[Recorded data]
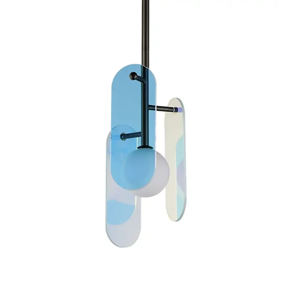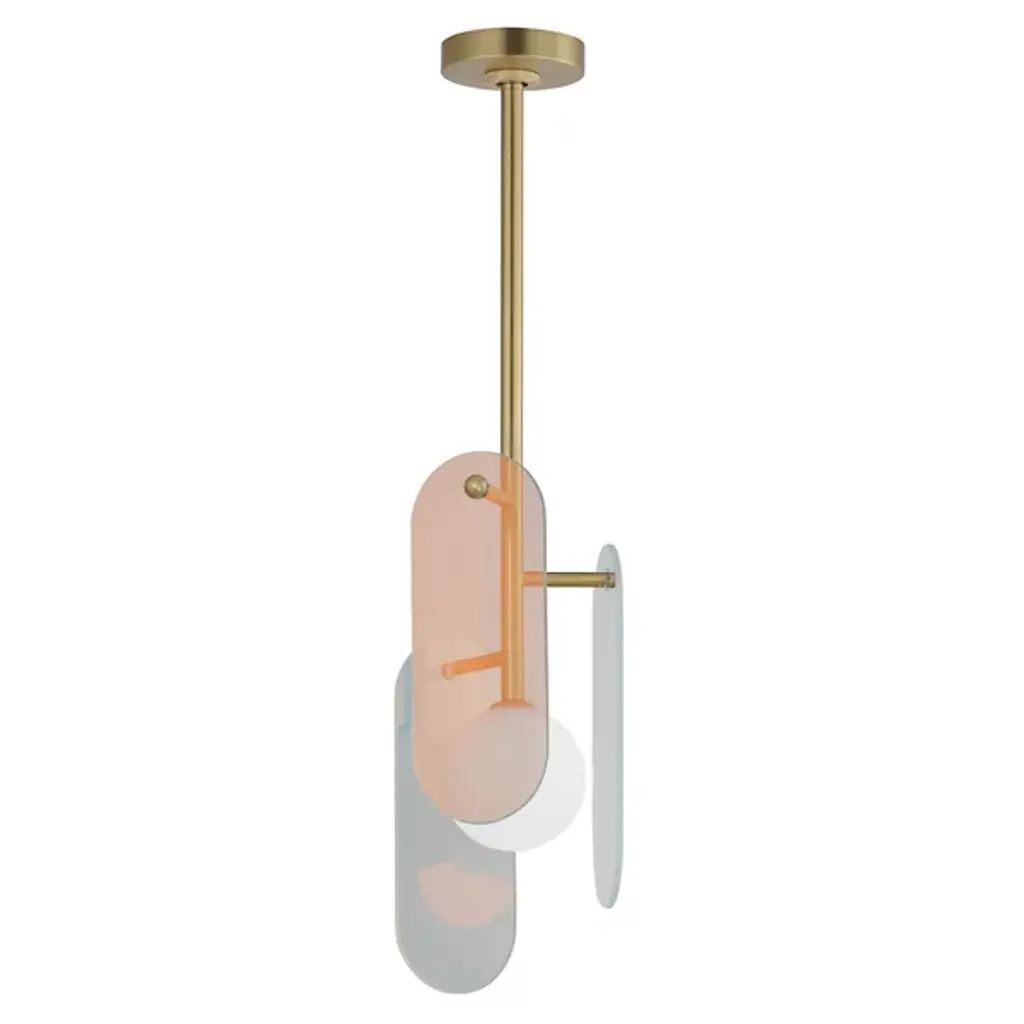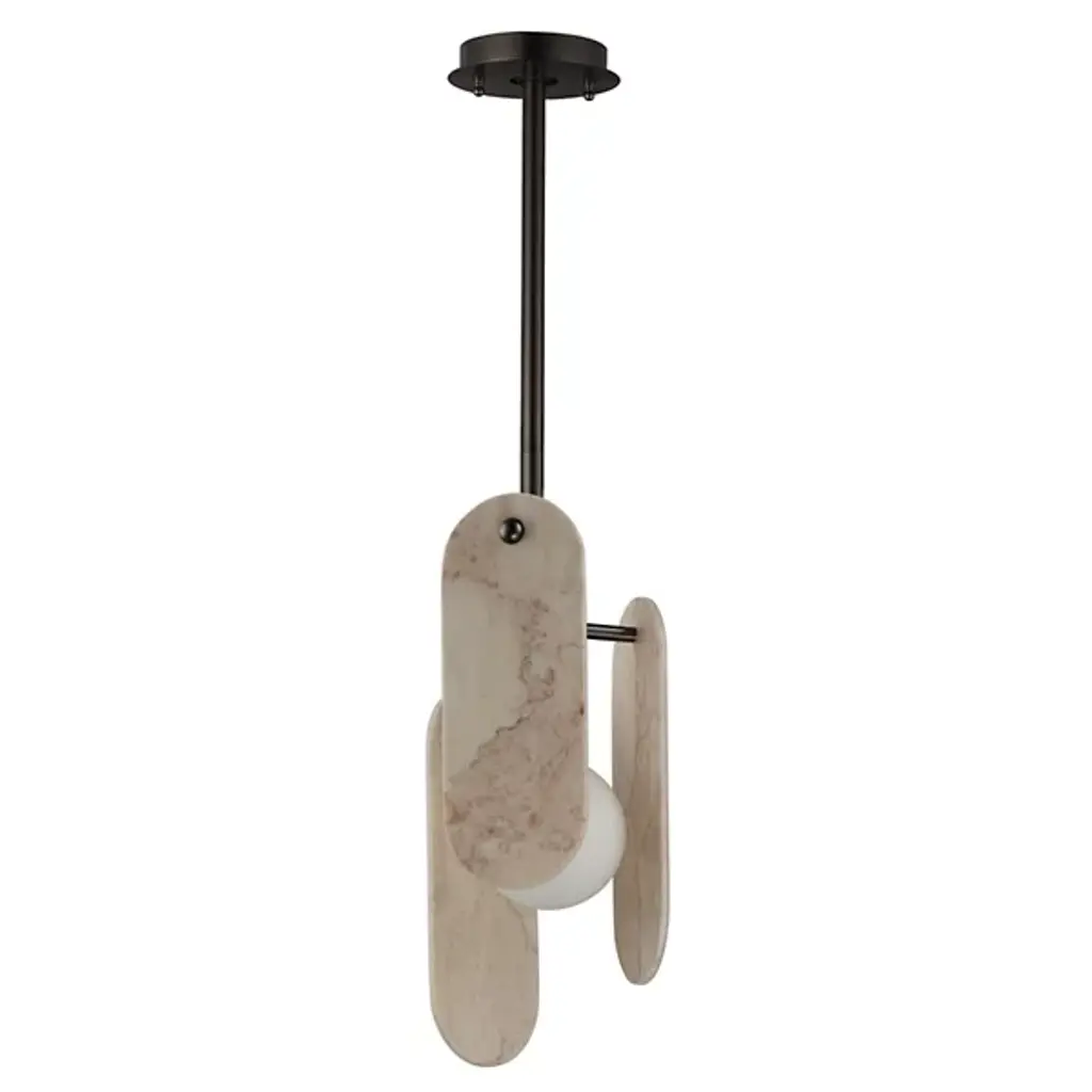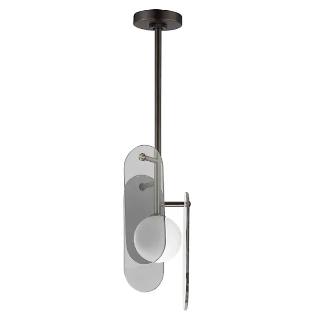 The modern Megalith LED Pendant from Studio M is an energy-efficient and stylish option for brightening a space, regardless of work or play. A sturdy iron stem that hangs from the circular canopy holds elliptical panels that seem to float around the center of a glass globe encased in white. The panels and the globe diffuse the integrated LED light in a beautiful cast of warm ambient illumination. It’s an elegant composition with a playful flair.
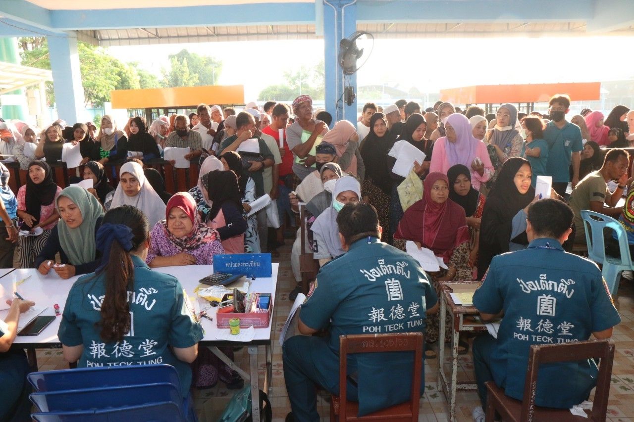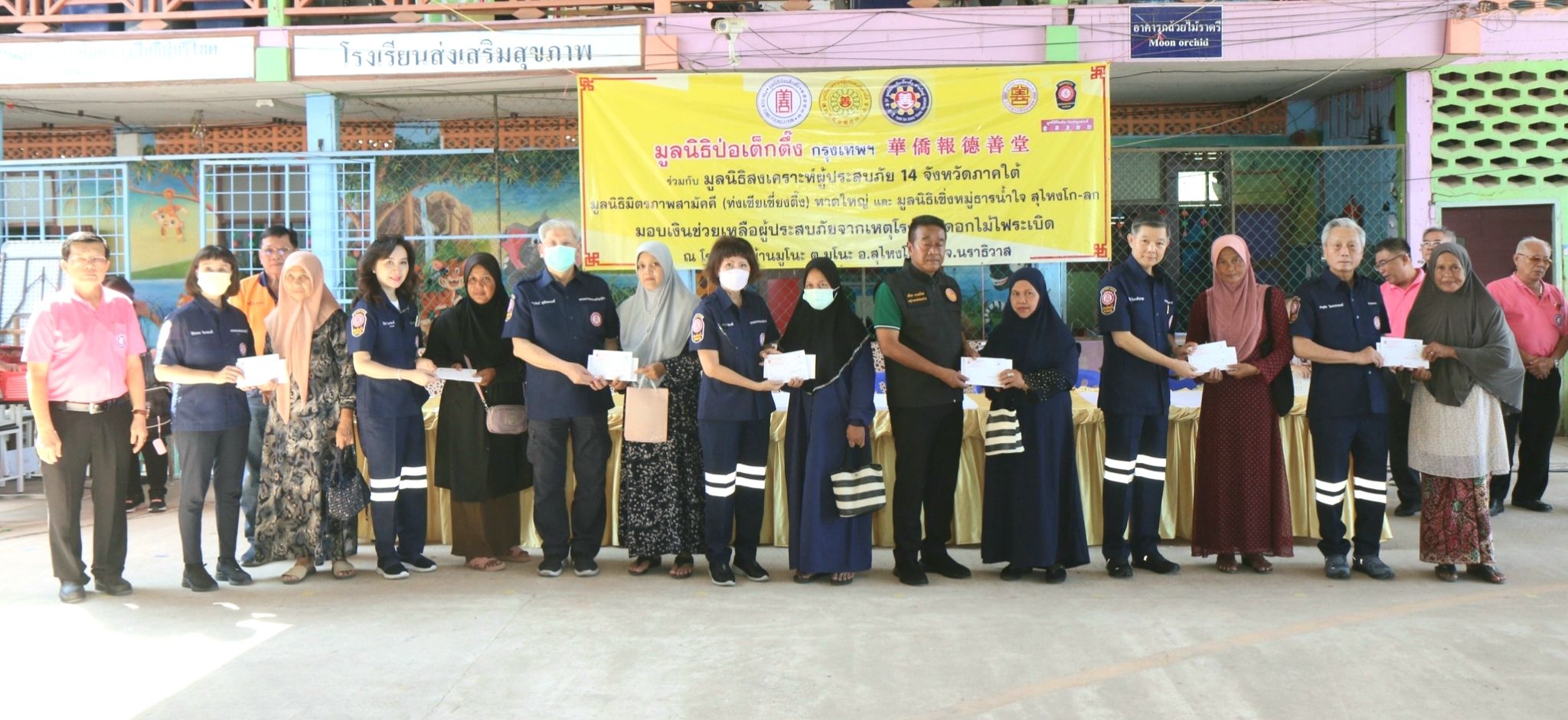 พร้อมกันนี้มูลนิธิสงเคราะห์ผู้ประสบภัย 14 จังหวัดภาคใต้ ได้มอบเงินช่วยเหลือแก่ญาติผู้เสียชีวิตรายละ 5,000 บาท มอบเงินช่วยเหลือแก่ผู้บาดเจ็บคนละ 2,000 บาท และมอบเงินช่วยเหลือให้แก่ผู้ประสบภัยคนละ 1,000 บาท รวมเป็นเงินทั้งสิ้น 1,847,000 บาท โดยมีนายปรีชา นวลน้อย รองผู้ว่าฯนราธิวาส เป็นประธานในพิธี พร้อมด้วยมูลนิธิสงเคราะห์ผู้ประสบภัย 14 จังหวัดภาคใต้ เป็นผู้ประสานงานและร่วมให้ความช่วยเหลือ รวมทั้งอาสาสมัครมูลนิธิป่อเต็กตึ๊ง นำโดยนางศิริวรรณ โอภาสวงศ์ อาสาสมัครกิตติมศักดิ์ และนางศิริพร โอภาสวงศ์ อาสาสมัครกิตติมศักดิ์ คณะมูลนิธิมิตรภาพสามัคคี (ท่งเซียเซี่ยงตึ๊ง) หาดใหญ่ คณะมูลนิธิเซิ่งหมู่ธารน้ำใจ สุไหงโก-ลก มูลนิธิแม่กอเหนี่ยวยะลา และคณะมูลนิธิร่วมบำเพ็ญการกุศลปัตตานี (ท่งเต็กเซี่ยงตึ๊ง) ร่วมในพิธี ที่โรงเรียนบ้านมูโนะ อำเภอสุไหง-โกลก จังหวัดนราธิวาส รวมงบประมาณการช่วยเหลือจากมูลนิธิป่อเต็กตึ๊ง และมูลนิธิสงเคราะห์ผู้ประสบภัย 14 จังหวัดภาคใต้ เป็นเงินทั้งสิ้น 7,430,000 บาท
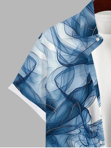 Plus Size Ombre Smoke Print Hawaii Button Pocket Shirt For Men - White - 5xl
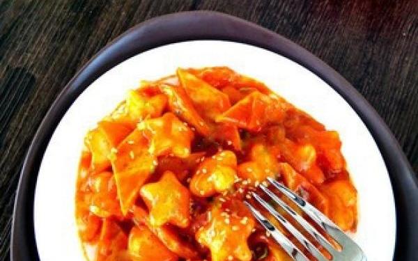 【原料】: 年糕 120g 韩式辣酱 15g【辅料】:胡萝卜 芝麻 植物油做法: 【做法】: 1.胡萝卜洗净切片,准备好韩国辣酱和年糕热锅热油。2.下胡萝卜片和年糕翻炒。 3.加入一大勺韩式辣酱加水,没过年糕,把韩式辣酱在水中拌匀中火煮年糕。 4.边煮边搅动,防止粘底。撒上芝麻。5.收汤,快速拌匀后出锅即可。
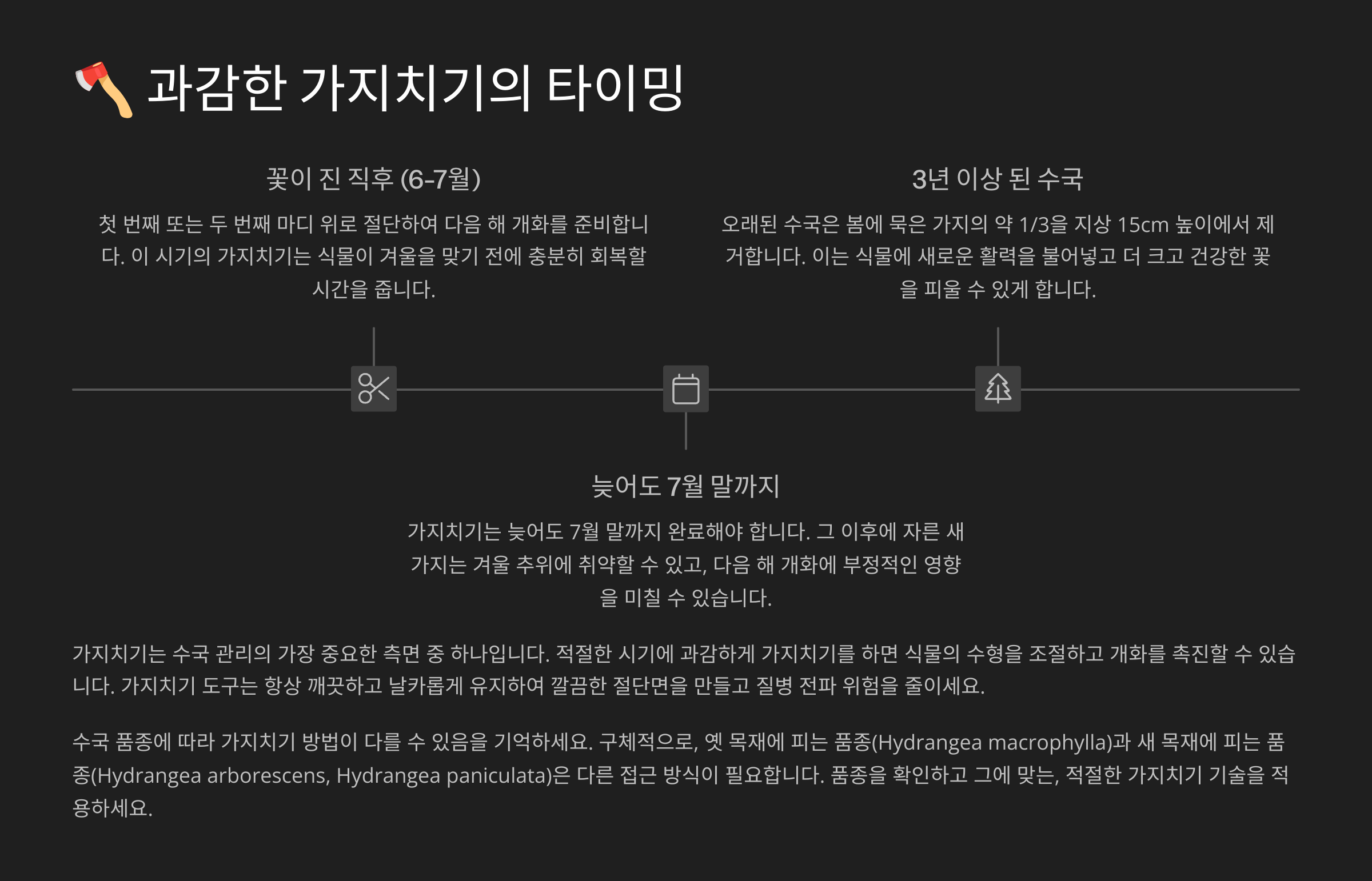겨울엔 절대 가지치기를 하면 안 돼요! 이 시기엔 수국이 휴면기에 들어가기 때문에 건드리면 스트레스를 크게 받아요. 그리고 어린 수국은 2년차까지는 가지치기보다 환경 적응에 집중해주는 게 좋아요.
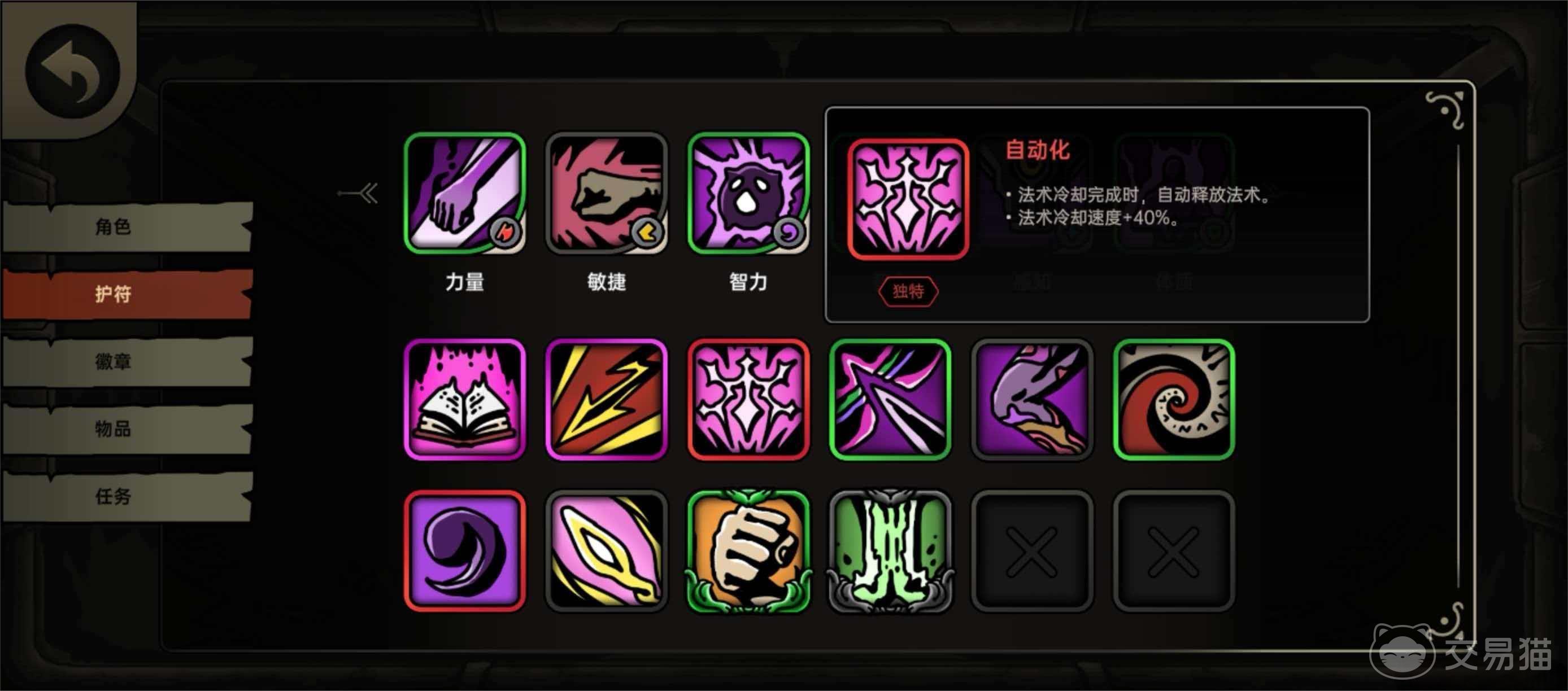 “自动化”护符提供独特的自动施法能力,解放操作负担;其核心增益为所有BUFF类法术冷却缩减40%,大幅提升技能循环频率,使毒素叠加节奏加快,持续伤害积累速度成倍提升,是构建高效叠毒体系的关键组件。
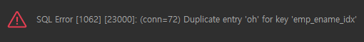 -- Error : Duplicate entry 'kim' for key 'emp_ename_idx'
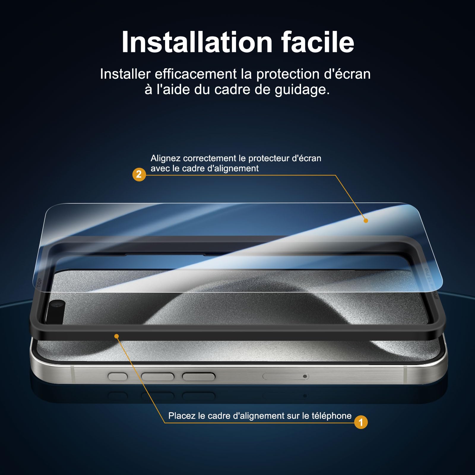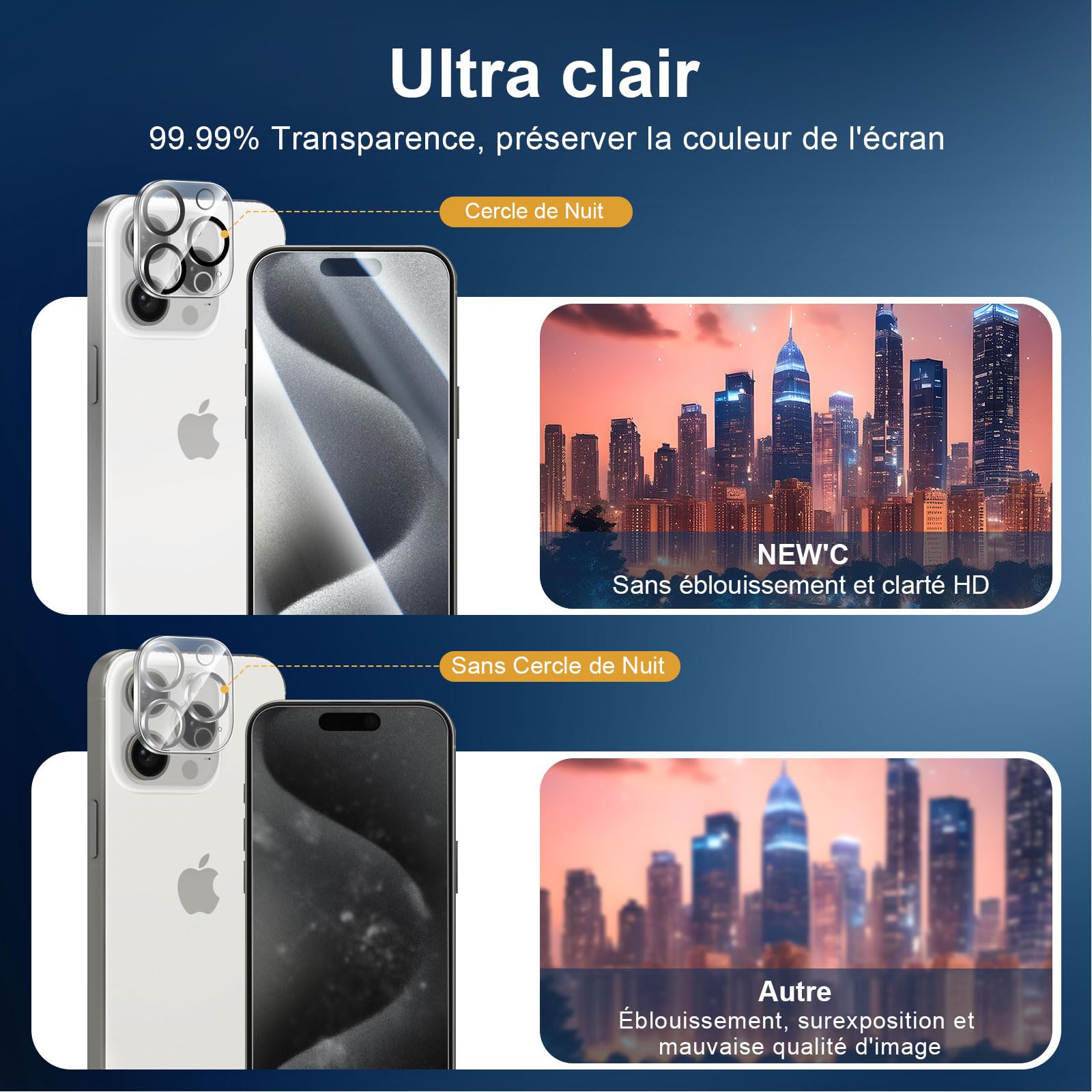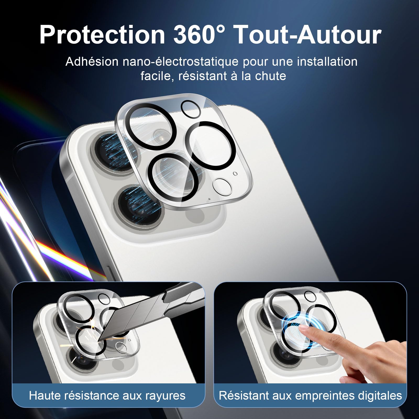- Contenu : 3* Verre Trempé écran Protecteur, 3* Caméra Lentille Protecteur pour iPhone 15 Pro (6,1 Pouces) et un outil d’installation facile et un bouchon anti-poussière. Une double protection avant et arrière du téléphone.

▶ [TASK GOAL] Omit every picture while transcribing the records above exactly.

▶ [WORKED SOLUTION]
 The modern Megalith LED Pendant from Studio M is an energy-efficient and stylish option for brightening a space, regardless of work or play. A sturdy iron stem that hangs from the circular canopy holds elliptical panels that seem to float around the center of a glass globe encased in white. The panels and the globe diffuse the integrated LED light in a beautiful cast of warm ambient illumination. It’s an elegant composition with a playful flair.
 พร้อมกันนี้มูลนิธิสงเคราะห์ผู้ประสบภัย 14 จังหวัดภาคใต้ ได้มอบเงินช่วยเหลือแก่ญาติผู้เสียชีวิตรายละ 5,000 บาท มอบเงินช่วยเหลือแก่ผู้บาดเจ็บคนละ 2,000 บาท และมอบเงินช่วยเหลือให้แก่ผู้ประสบภัยคนละ 1,000 บาท รวมเป็นเงินทั้งสิ้น 1,847,000 บาท โดยมีนายปรีชา นวลน้อย รองผู้ว่าฯนราธิวาส เป็นประธานในพิธี พร้อมด้วยมูลนิธิสงเคราะห์ผู้ประสบภัย 14 จังหวัดภาคใต้ เป็นผู้ประสานงานและร่วมให้ความช่วยเหลือ รวมทั้งอาสาสมัครมูลนิธิป่อเต็กตึ๊ง นำโดยนางศิริวรรณ โอภาสวงศ์ อาสาสมัครกิตติมศักดิ์ และนางศิริพร โอภาสวงศ์ อาสาสมัครกิตติมศักดิ์ คณะมูลนิธิมิตรภาพสามัคคี (ท่งเซียเซี่ยงตึ๊ง) หาดใหญ่ คณะมูลนิธิเซิ่งหมู่ธารน้ำใจ สุไหงโก-ลก มูลนิธิแม่กอเหนี่ยวยะลา และคณะมูลนิธิร่วมบำเพ็ญการกุศลปัตตานี (ท่งเต็กเซี่ยงตึ๊ง) ร่วมในพิธี ที่โรงเรียนบ้านมูโนะ อำเภอสุไหง-โกลก จังหวัดนราธิวาส รวมงบประมาณการช่วยเหลือจากมูลนิธิป่อเต็กตึ๊ง และมูลนิธิสงเคราะห์ผู้ประสบภัย 14 จังหวัดภาคใต้ เป็นเงินทั้งสิ้น 7,430,000 บาท
 Plus Size Ombre Smoke Print Hawaii Button Pocket Shirt For Men - White - 5xl
 【原料】: 年糕 120g 韩式辣酱 15g【辅料】:胡萝卜 芝麻 植物油做法: 【做法】: 1.胡萝卜洗净切片,准备好韩国辣酱和年糕热锅热油。2.下胡萝卜片和年糕翻炒。 3.加入一大勺韩式辣酱加水,没过年糕,把韩式辣酱在水中拌匀中火煮年糕。 4.边煮边搅动,防止粘底。撒上芝麻。5.收汤,快速拌匀后出锅即可。
겨울엔 절대 가지치기를 하면 안 돼요! 이 시기엔 수국이 휴면기에 들어가기 때문에 건드리면 스트레스를 크게 받아요. 그리고 어린 수국은 2년차까지는 가지치기보다 환경 적응에 집중해주는 게 좋아요.
 “自动化”护符提供独特的自动施法能力,解放操作负担;其核心增益为所有BUFF类法术冷却缩减40%,大幅提升技能循环频率,使毒素叠加节奏加快,持续伤害积累速度成倍提升,是构建高效叠毒体系的关键组件。
 -- Error : Duplicate entry 'kim' for key 'emp_ename_idx'
- Contenu : 3* Verre Trempé écran Protecteur, 3* Caméra Lentille Protecteur pour iPhone 15 Pro (6,1 Pouces) et un outil d’installation facile et un bouchon anti-poussière. Une double protection avant et arrière du téléphone.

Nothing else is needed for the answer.